Tras el anonimato requerido por el remitente y respetado por mí, recibo esta semblanza sacerdotal:
"En una pequeña diócesis española hubo un cura a primeros del siglo XX, quien fue ordenado cuando cumplió los 25 años de su edad. Era un hombre cuerdo, sensato, sensible, amable y entregado a su misión pastoral entre todos sus feligreses.
Comenzó en una parroquia de veinte vecinos; lo traladaron a otra localidad con 500 almas; y cuando, estalló la Guerra de Liberación, le habían dado el nombramiento de una parroquia de dos mil personas.
Allí, precisamente, fue donde los miembros de las izquierdas más hostiles y enemigas de nuestro Señor, los que tomaron a este santo sacerdote, cuyo nombre y apellidos omito adrede, lo encerraron en una cárcel improvisada, lo molieron a palos, le tuvieron sin comer, y sin beber agua, en el doloroso verano bélico. El pobre aguantó y con la ayuda del Señor y de su Madre María a quien siempre se encomendaba con el rezo del Santo Rosario, pudo resistir, hasta que a primeros de octubre las tropas nacionales entraron en el pueblo.

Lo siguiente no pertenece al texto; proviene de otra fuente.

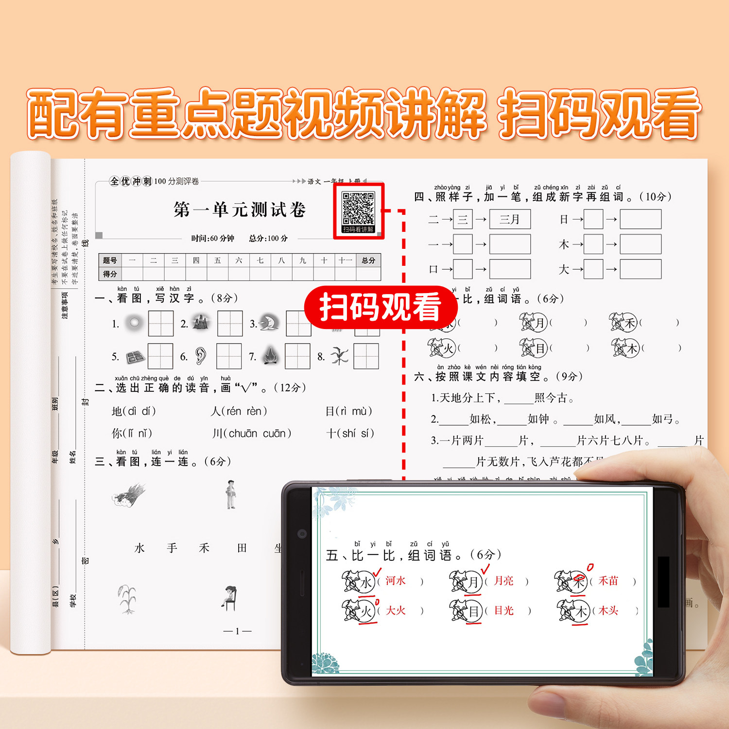 一年级上下册语文数学英语试卷二三四五六年级测试卷全套同步练习册练习题人教版单元考试综合卷子期中期末冲刺一百分小学真题卷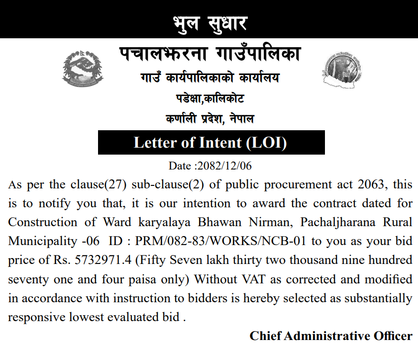 | 225 | Phalewas Municipality | Construction of Basic Health Service Centre Building | 20/03/2026 | PPMO | 19/04/2026 | Click Here | |

Al santo cura lo encontraron tirado en el suelo como un trapo viejo, metido dentro de una espuerta de esparto, llena de sus propias inmundicias humanas.
Tras pasar las revisiones médicas preceptivas, encontraron que había perdido su cordura, victima de los desafueros que le habían inferido.
Fue ingresado en el manicomio provincial, donde ya no sabía si era sacerdote, desconocía su filiación, ignoraba sus estudios. Solamente vivió hasta su muerte agarrado a un crucifijo, y con un gotero inyectado por donde tomaba la alimentación que la medicina le recetaba.
Sentado en su sillón de ruedas, lo encontraron muerto un 15 de agosto, fiesta de la Asunción de la Virgen a los cielos.
La Madre tomó a este buen cura y lo llevó consigo a los cielos. Descanse en paz este mártir de nuestra Cruzada, aunque murió fuera del tiempo bélico."